How You Shouldn't Answer the Question

Many candidates use this question as an opportunity to vent about their current role or a horrible boss they had in the past. While it can seem natural to share your past experiences, it can give the hiring manager a bad impression of you. 

For instance, this would be a poor answer, "After my last role, I really want a boss who is level-headed and talks to me before agreeing to projects. I also want someone who judges me based on my work, not based on office politics."

In this example, your language shows you had issues with your manager and lingering resentment. They only get your side of the story, so they may assume you're a problematic employee or will cause drama in the workplace. 

How to Answer the Question Effectively

Do not focus on the behavior of a past boss or bosses. Do not criticize past managers or complain; it will only reflect poorly on you.

Instead, focus on what empowers you to do your best work. Focus on good qualities that help you do your job well. 

Rather than using soft descriptions, such as personality traits, mention specific behaviors that you appreciate as an employee. Perhaps you like to have regular check-ins or to be consulted before moving forward with a project.
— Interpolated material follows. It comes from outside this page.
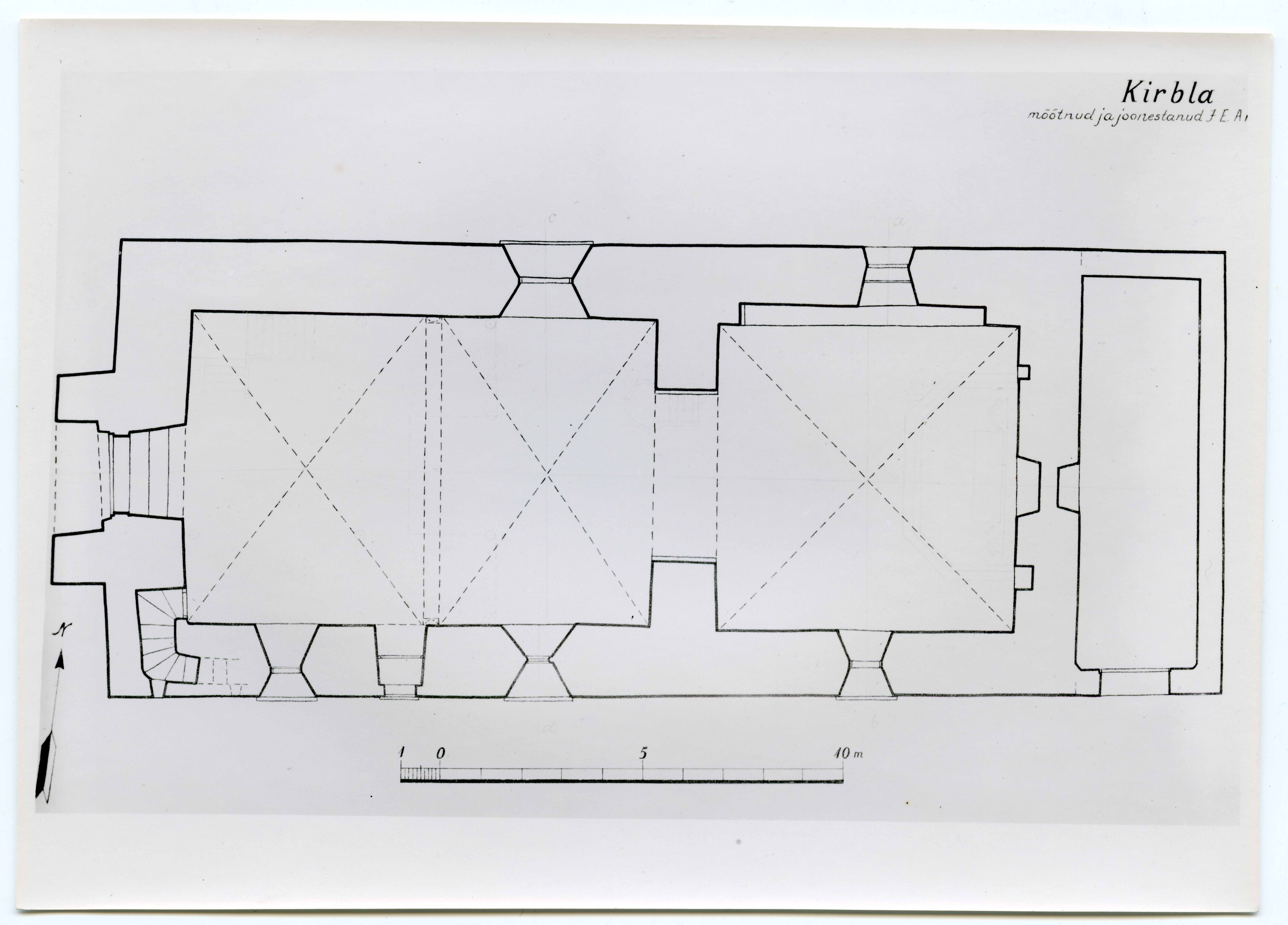 Kirbla Nigula kirik. Põhiplaan. Mõõtnud ja joonestanud J. E. Armolik 1943.a.

These behaviors and preferences give hiring manager a good idea of your working style. 

Sample Answers

Use these examples to help develop and frame your answer depending on your needs and preferences:

  • I appreciate a work environment where supervisors try to make personal connections with their employees.
  • In my last job, I liked the fact that management did not show favoritism and they were understanding of employees needs, as well as their strengths. Of course, these things take time to know, but I would want my supervisor to try to know me in that way.
  • I would like to be able to go my manager if I have an issue or idea and to be able to feel comfortable to expressing my thoughts. I would also expect my supervisor to be open and honest with me and to let me know if there is anything I could do to improve upon or do differently in my work.